Had a drive fail, went completely unreadable. The first hint was that it reported SMART failure. Things went downhill from there.
It was part of a 3-drive array: /dev/md0 with 2TB drives.
# grep raid /etc/fstab
/dev/md0 /raid xfs defaults 0 0
# lsblk
NAME MAJ:MIN RM SIZE RO TYPE MOUNTPOINTS
sda 8:0 0 1.8T 0 disk
sdb 8:16 0 238.5G 0 disk
├─sdb1 8:17 0 600M 0 part /boot/efi
├─sdb2 8:18 0 1G 0 part /boot
└─sdb3 8:19 0 236.9G 0 part
├─fedora-root 253:0 0 70G 0 lvm /
├─fedora-swap 253:1 0 24G 0 lvm [SWAP]
└─fedora-home 253:2 0 142.9G 0 lvm /home
sdc 8:32 0 1.8T 0 disk
└─md0 9:0 0 3.6T 0 raid5
sdd 8:48 0 1.8T 0 disk
└─md0 9:0 0 3.6T 0 raid5
I have a working drive in there now as sda, but I don't seem able to add it to the array.
[root@simak ~]# mdadm /dev/md0 --add /dev/sda
mdadm: add new device failed for /dev/sda as 3: Invalid argument
I think I should have tried to remove it from the array logically, with mdadm --remove - before powering down and removing the physical drive, but like an idiot, I didn't do that. Now that the drive is out of the system and sitting on my desk cooling off, I don't seem able to:
[root@simak ~]# mdadm /dev/md0 --remove /dev/sda
mdadm: hot remove failed for /dev/sda: No such device or address
[root@simak ~]# mdadm /dev/md0 --remove /dev/sda1
mdadm: stat failed for /dev/sda1: No such file or directory
BTW my distro doesn't seem to have an mdadm.conf file -- some docs say it's supposed to be in /etc/mdadm/mdadm.conf. My man pages say it should be in /etc/mdadm.conf but I don't have one of those either. I tried using locate and find and both came up dry.

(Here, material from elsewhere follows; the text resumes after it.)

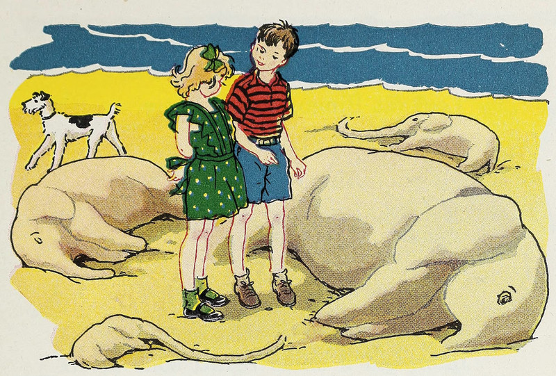 Today's resting sand elephants.  From Number Stories Book 2 by Studebaker, Findley, Knight & Gray, 1942.

So here's what the array looks like now:
[root@simak ~]# cat /proc/mdstat
Personalities : [raid6] [raid5] [raid4]
md0 : active raid5 sdd[1] sdc[4]
3906764800 blocks super 1.2 level 5, 512k chunk, algorithm 2 [3/2] [UU_]
bitmap: 2/15 pages [8KB], 65536KB chunk
unused devices: <none>
[root@simak ~]# mdadm -D /dev/md0
/dev/md0:
Version : 1.2
Creation Time : Fri Dec 13 21:41:56 2019
Raid Level : raid5
Array Size : 3906764800 (3.64 TiB 4.00 TB)
Used Dev Size : 1953382400 (1862.89 GiB 2000.26 GB)
Raid Devices : 3
Total Devices : 2
Persistence : Superblock is persistent
Intent Bitmap : Internal
Update Time : Mon Feb 3 10:38:29 2025
State : clean, degraded
Active Devices : 2
Working Devices : 2
Failed Devices : 0
Spare Devices : 0
Layout : left-symmetric
Chunk Size : 512K
Consistency Policy : bitmap
Name : simak:0 (local to host simak)
UUID : 6670fd7c:6cda3656:9b0930d0:cb21afb4
Events : 9255
Number Major Minor RaidDevice State
4 8 32 0 active sync /dev/sdc
1 8 48 1 active sync /dev/sdd
- 0 0 2 removed
The replacement drive could have been part of an md array before, so I did mdadm --zero-superblock /dev/sda
When I couldn't replace it into the array, I used dd to wipe it as well:
dd if=/dev/zero of=/dev/sda
I let that run for a while and killed it after it wrote 7 or 8 GB. Then re-ran the commands I had been trying to get it to rebuild the array:
# mdadm --assemble /dev/md0 /dev/sdd /dev/sdc /dev/sda
mdadm: failed to add /dev/sda to /dev/md0: Invalid argument
mdadm: /dev/md0 has been started with 2 drives (out of 3).
# mdadm /dev/md0 --add /dev/sda
mdadm: add new device failed for /dev/sda as 3: Invalid argument
I still can't get it to use sda for anything. I've tried everything I can think of.
-T